Now that we have the building blocks of proteins established, the next blog post will focus on how these amino acids can be combined (polymerized) into long structures that make up polypeptides and proteins.

The Basics of Protein Translation

Proteins, a major constituent of the cell, have many diverse functions and are classically considered to be the "work horses" of the cell.  Additional molecules, such as RNAs and lipids, have shown importance in signaling and catalyzing chemical reactions; however, proteins remain an important part in the life of a cell.

Before proteins can perform their evolved functions, they must be synthesized within the cell.  The process of synthesizing a protein is critically important to the cell and, thus, is an energy-intensive process.  

The basic building blocks of a protein are amino acids, which come in twenty (and more) flavors.  These amino acids have different properties that afford proteins different structures and functions when the amino acids are polymerized together in distinct orders.  These amino acids can have distinct signaling roles when they exist as monomers as well (see this paper by Nobukuni et al for an example).  
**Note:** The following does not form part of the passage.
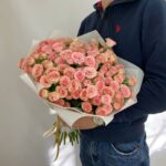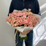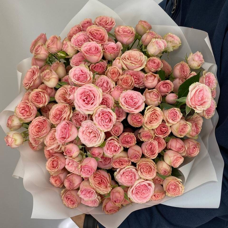 Прекрасный букет из 31 нежно-розовой кустовой розы — это замечательный подарок к любому празднику. Яркие и сочные оттенки цветов подарят вашему близкому человеку море положительных эмоций и восторга.

Monomeric amino acids in the cellular environment do not randomly polymerize to form proteins.  In the first of several steps, tRNAs are charged: they are covalently linked to amino acids via aminoacyl tRNA synthetases.  These synthetases hold the very important role of attaching the appropriate amino acid to the appropriate tRNA.  Because inappropriate charging of tRNAs would lead to misincorporation of amino acids into a protein chain (wasting energy or leading to even bigger problems for the cell), sythetases are very specific.  In fact, some synthetases have an editing site, where they will catalyze the removal of incorrectly placed amino acids.
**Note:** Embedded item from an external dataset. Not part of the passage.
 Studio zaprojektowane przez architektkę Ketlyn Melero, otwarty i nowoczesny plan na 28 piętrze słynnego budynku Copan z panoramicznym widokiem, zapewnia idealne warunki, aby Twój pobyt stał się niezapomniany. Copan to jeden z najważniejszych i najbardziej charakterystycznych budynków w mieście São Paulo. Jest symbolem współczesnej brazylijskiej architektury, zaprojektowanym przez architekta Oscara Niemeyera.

After tRNAs are charged with their appropriate amino acids, they are ready for interaction with the ribosome.  Ribosomes are large, complex molecules that merit their own post.  Briefly, ribosomes are composed of RNA and protein and are made of two distinct complexes: the large and small subunits (depending on the origin of the ribosome, the subunits have different sedimentation coefficients, so you might see 30S and 50S for bacteria or 60S and 40S for eukaryotes, for example).  Ribosomes catalyze the polymerization of amino acids into proteins.

In the first step of ribosome-mediated protein production, the small subunit of the ribosome combined with a tRNA for methionine (the amino acid that begins the protein chain) scans along the transcribed mRNA until it encounters a start site (ATG codon).  Here, the complex stops, and the charged tRNA with its amino acid comes into contact with the peptidyl transferase site (P) on the ribosome.  eIF2 (eukaryotic initiation factor 2), which was along for the ride, hydrolyzes GTP to GDP at this point such that the ribosome stops at the appropriate codon.
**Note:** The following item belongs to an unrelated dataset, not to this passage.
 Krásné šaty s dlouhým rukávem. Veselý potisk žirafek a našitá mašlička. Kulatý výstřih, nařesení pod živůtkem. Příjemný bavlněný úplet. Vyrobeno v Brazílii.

Next, the large subunit of the ribosome binds the small subunit, making a full ribosome that is ready for catalysis.

The tRNA that lines up with the mRNA's next codon then binds in the acceptor site (A), along with the help of eEF-1 (eukaryotic elongation factor-1), which hydrolyzes GTP to GDP.  At this point, the ribosome goes into action: using the peptidyl transferase center (PTC), it catalyzes the covalent linkage of the first and second amino acids.

The entire ribosome now moves along the mRNA in a process called translocation, which requires the help of EF-2 (and GTP hydrolysis).  The first tRNA is moved into the exit site (E), and the second tRNA moves into the P site, while the A site is open for another aminoacyl-tRNA.

The process repeats until the ribosome encounters a stop codon.  At this point, termination factors (TFs), which have structures similar to tRNAs and bind mRNAs but do not have amino acids, enter the acceptor site of the ribosome.  The ribosome then catalyzes the addition of water to the end of the amino acid chain, releasing it from the peptidyl transferase center and allowing it to leave the ribosome and begin folding into its native conformation.

While there are several details that I may have seemingly glazed over, this post should give a broad, simplified overview of translation.  Future posts will address the many details involved.